EXERCISE DETAILS — Repeat exactly the lines of the records below, starting at the line containing "PC HP Compaq" and ending at the line containing "Am 25. September". Leave the pictures out.
─── SUPPLIED MATERIAL ───
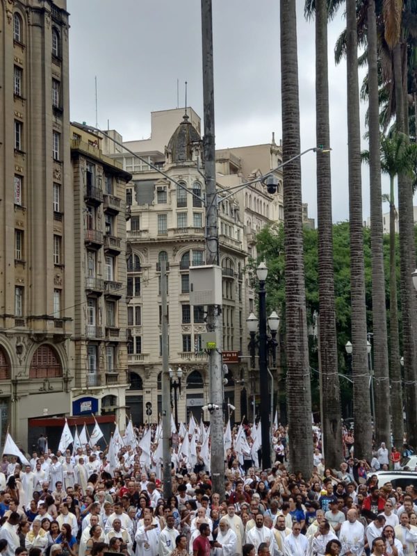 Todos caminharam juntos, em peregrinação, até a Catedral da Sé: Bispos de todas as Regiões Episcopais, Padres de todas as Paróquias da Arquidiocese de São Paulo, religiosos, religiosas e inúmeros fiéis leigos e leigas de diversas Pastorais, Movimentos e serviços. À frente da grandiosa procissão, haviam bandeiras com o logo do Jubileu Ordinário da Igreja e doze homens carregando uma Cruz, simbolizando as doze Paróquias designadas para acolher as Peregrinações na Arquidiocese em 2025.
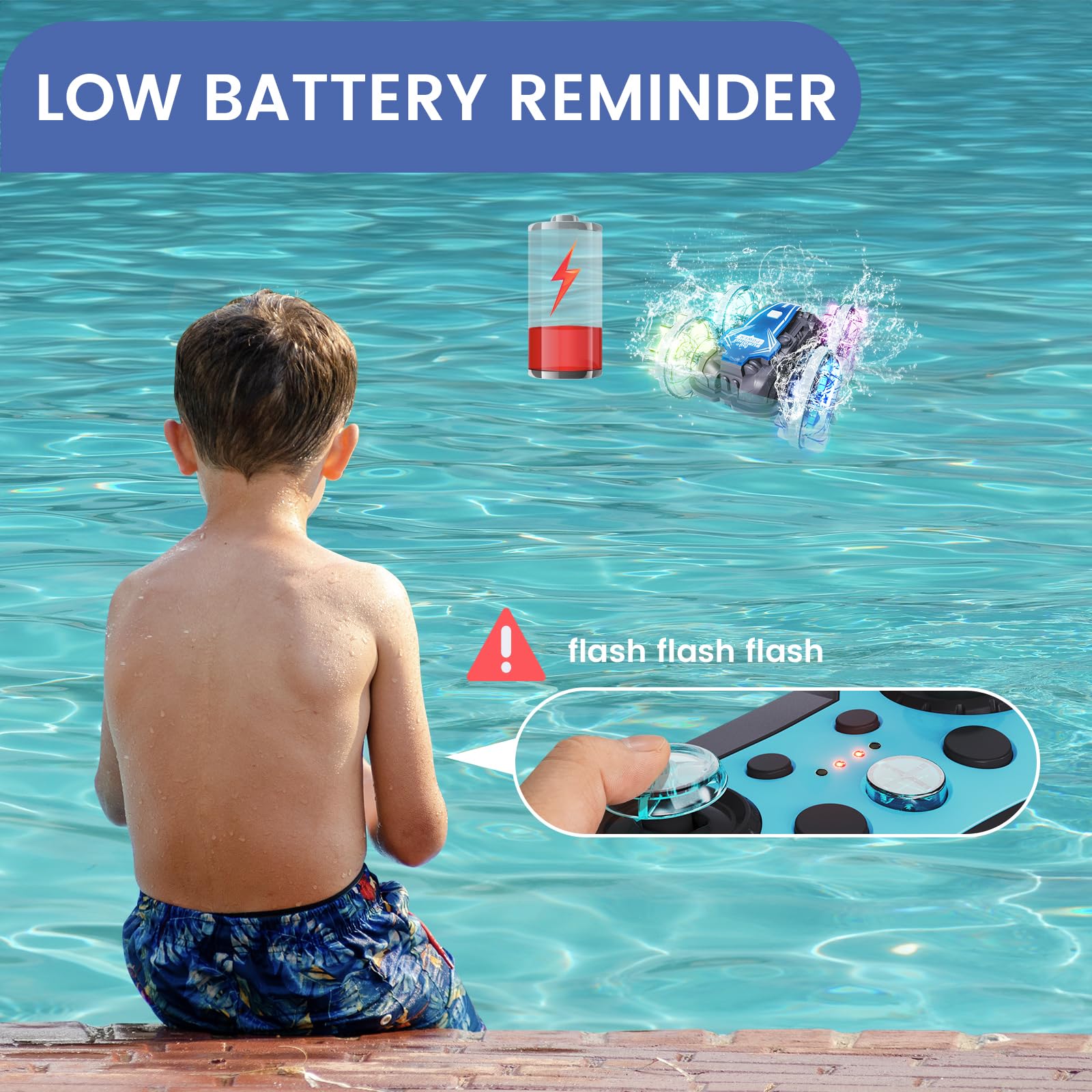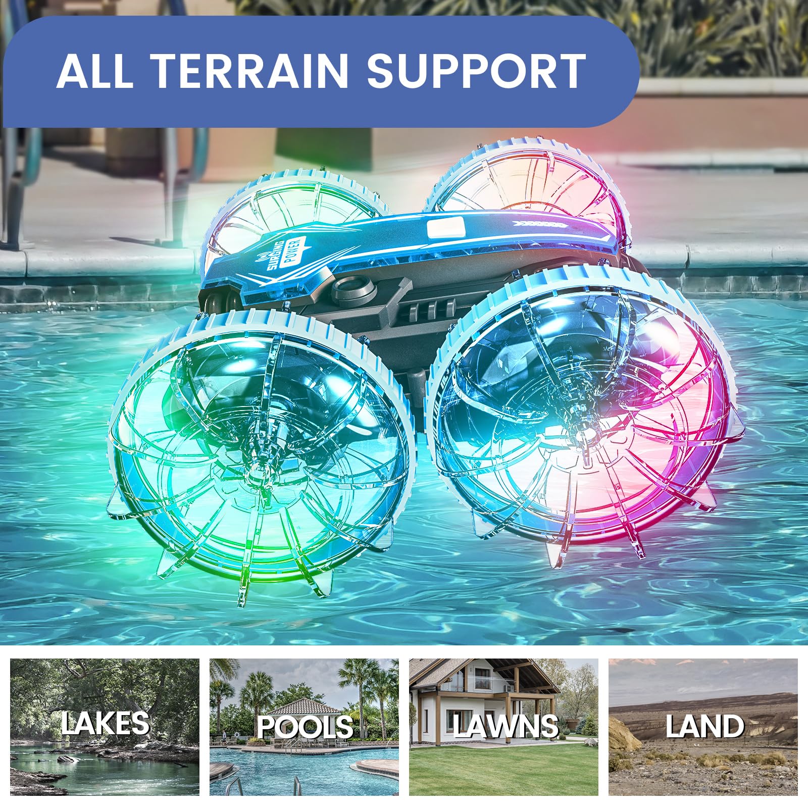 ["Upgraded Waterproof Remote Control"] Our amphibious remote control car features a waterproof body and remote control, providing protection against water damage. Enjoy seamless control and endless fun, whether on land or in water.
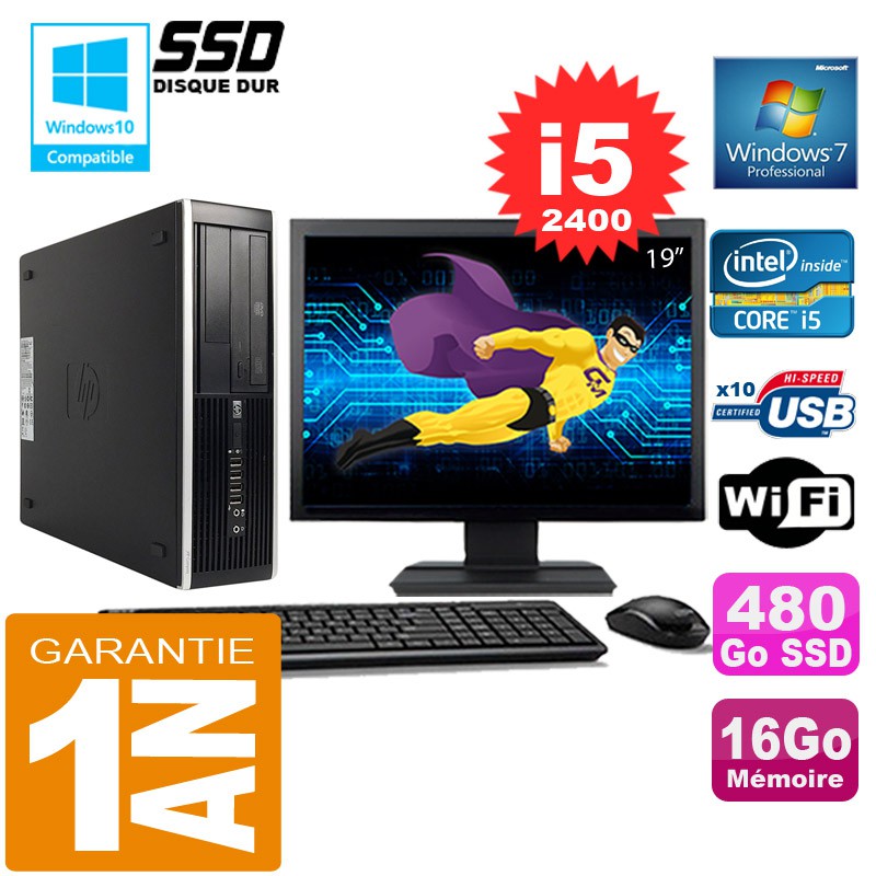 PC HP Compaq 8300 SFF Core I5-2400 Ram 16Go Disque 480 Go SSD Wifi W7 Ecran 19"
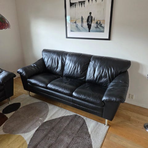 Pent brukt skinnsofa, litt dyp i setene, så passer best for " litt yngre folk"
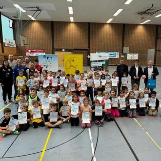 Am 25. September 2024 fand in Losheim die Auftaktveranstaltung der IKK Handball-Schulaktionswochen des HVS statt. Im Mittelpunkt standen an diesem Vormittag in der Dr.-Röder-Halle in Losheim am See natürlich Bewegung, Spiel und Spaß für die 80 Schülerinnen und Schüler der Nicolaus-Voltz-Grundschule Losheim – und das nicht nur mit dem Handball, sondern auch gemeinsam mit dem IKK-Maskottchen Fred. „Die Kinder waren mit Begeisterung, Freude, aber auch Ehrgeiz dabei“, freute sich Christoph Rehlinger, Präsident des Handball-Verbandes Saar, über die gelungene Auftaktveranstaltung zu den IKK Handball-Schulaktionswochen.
───
─── SUPPLIED MATERIAL ───
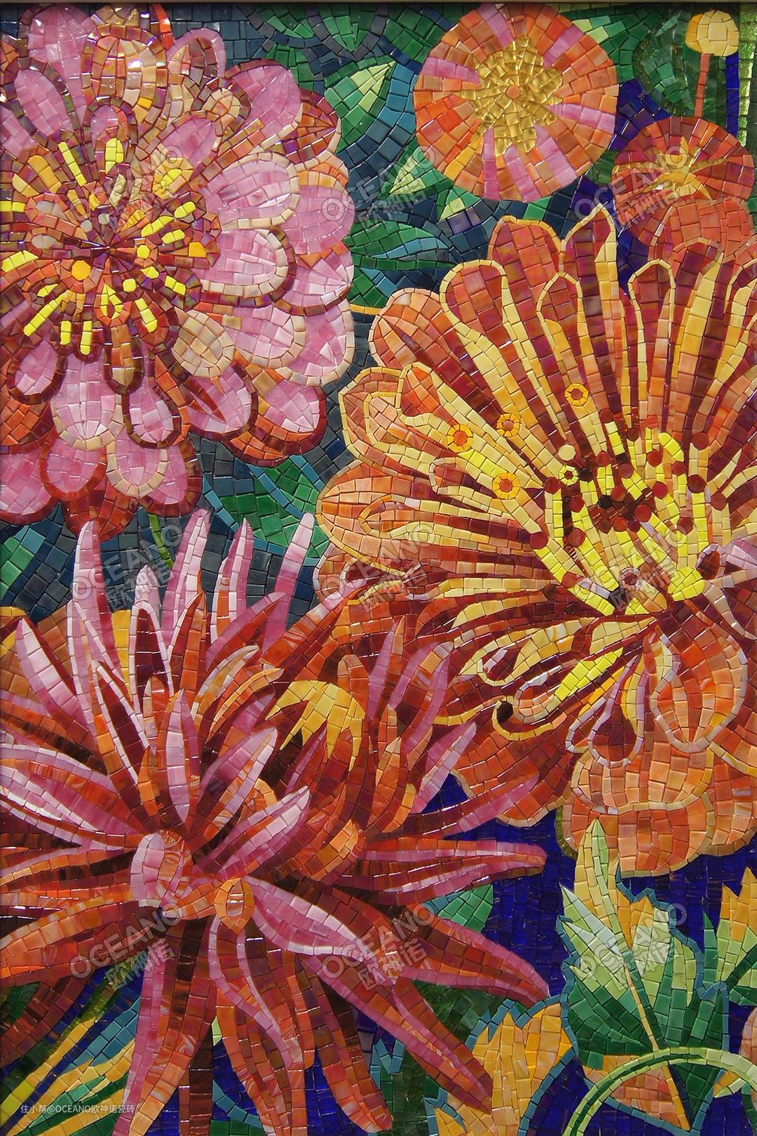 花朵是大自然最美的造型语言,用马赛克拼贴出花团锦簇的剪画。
───
─── SUPPLIED MATERIAL ───
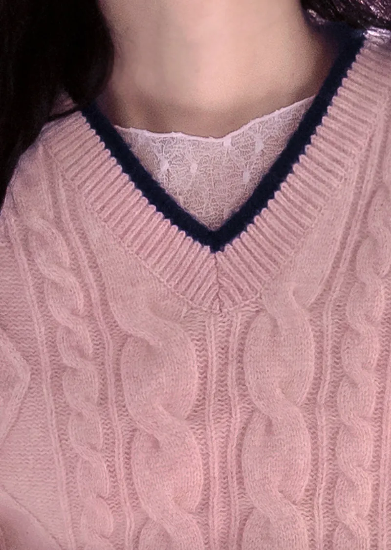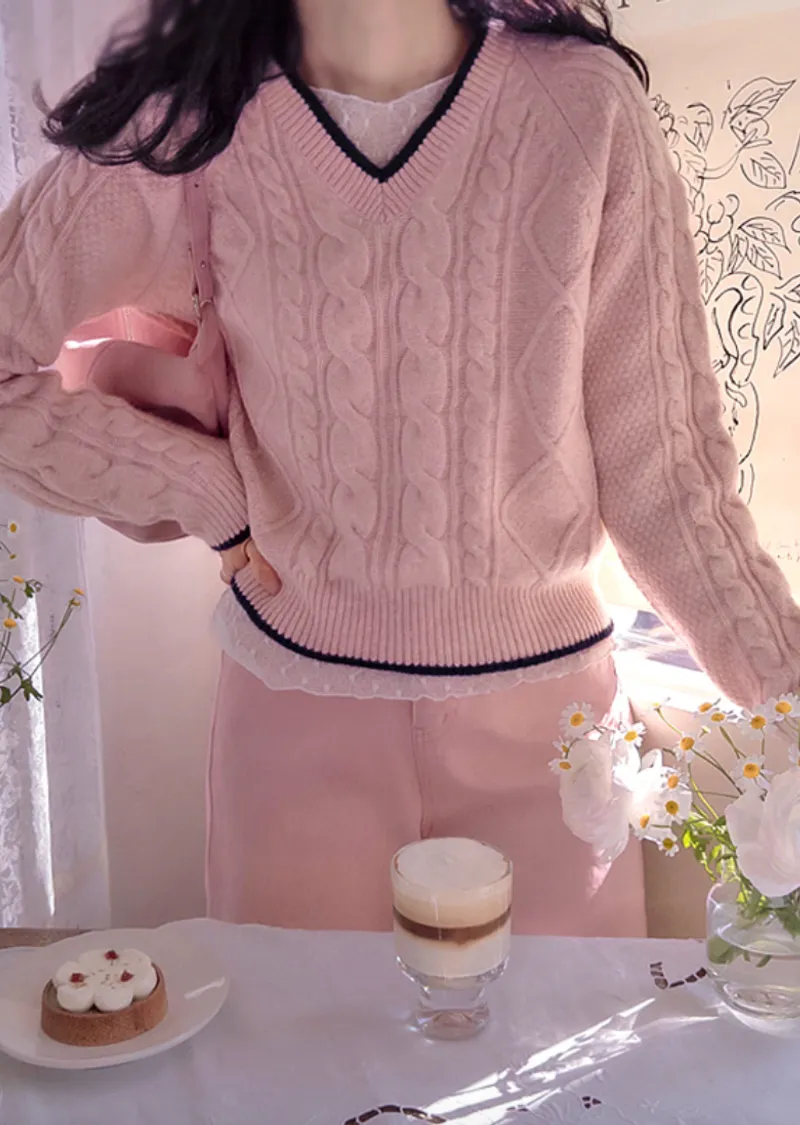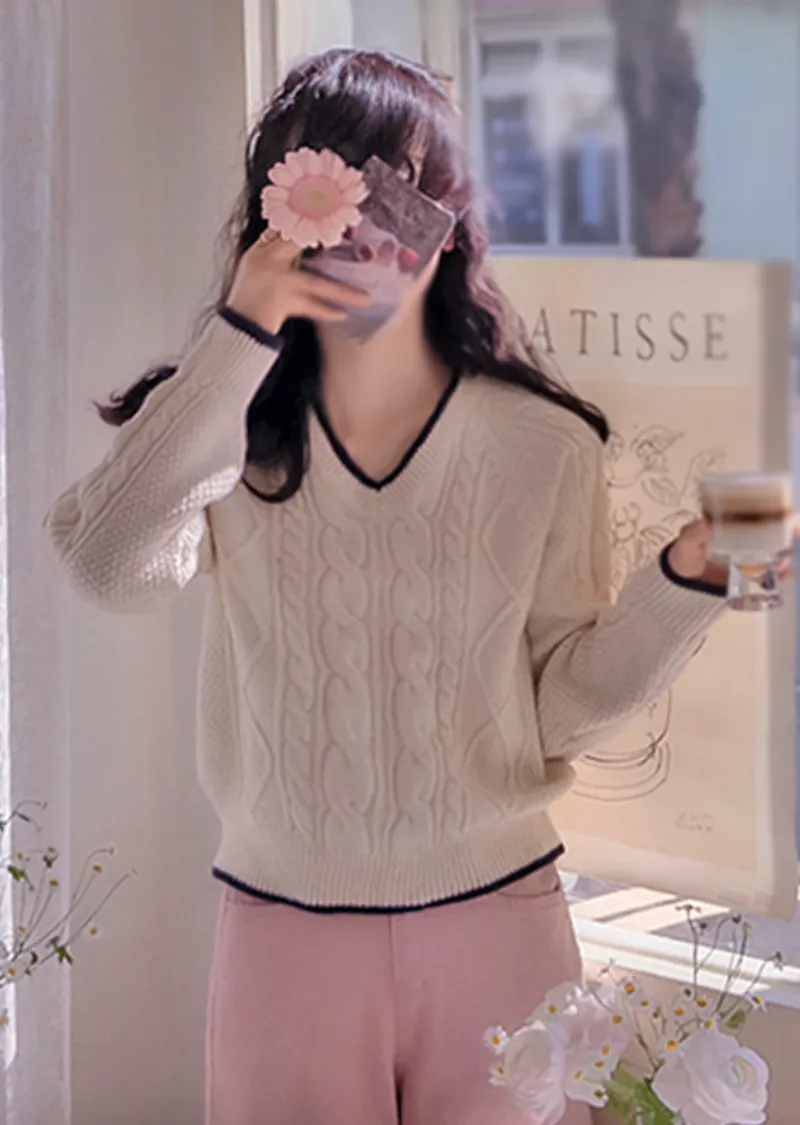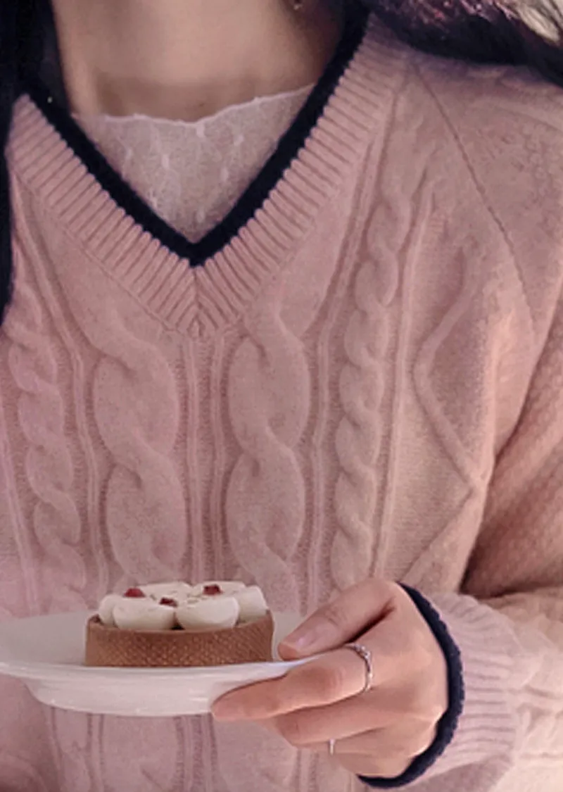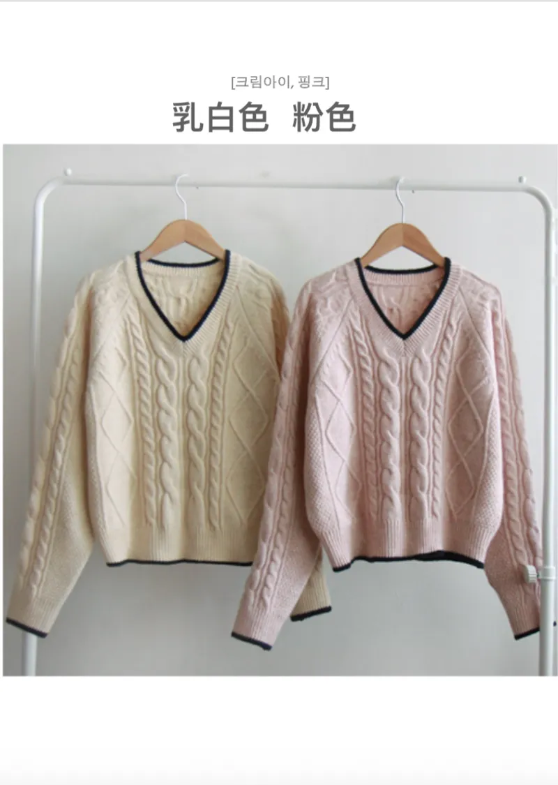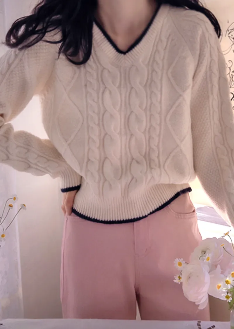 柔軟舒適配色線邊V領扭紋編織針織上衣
───
COMPLETED EXERCISE —
 PC HP Compaq 8300 SFF Core I5-2400 Ram 16Go Disque 480 Go SSD Wifi W7 Ecran 19"
 Pent brukt skinnsofa, litt dyp i setene, så passer best for " litt yngre folk"
 Am 25. September 2024 fand in Losheim die Auftaktveranstaltung der IKK Handball-Schulaktionswochen des HVS statt. Im Mittelpunkt standen an diesem Vormittag in der Dr.-Röder-Halle in Losheim am See natürlich Bewegung, Spiel und Spaß für die 80 Schülerinnen und Schüler der Nicolaus-Voltz-Grundschule Losheim – und das nicht nur mit dem Handball, sondern auch gemeinsam mit dem IKK-Maskottchen Fred. „Die Kinder waren mit Begeisterung, Freude, aber auch Ehrgeiz dabei“, freute sich Christoph Rehlinger, Präsident des Handball-Verbandes Saar, über die gelungene Auftaktveranstaltung zu den IKK Handball-Schulaktionswochen.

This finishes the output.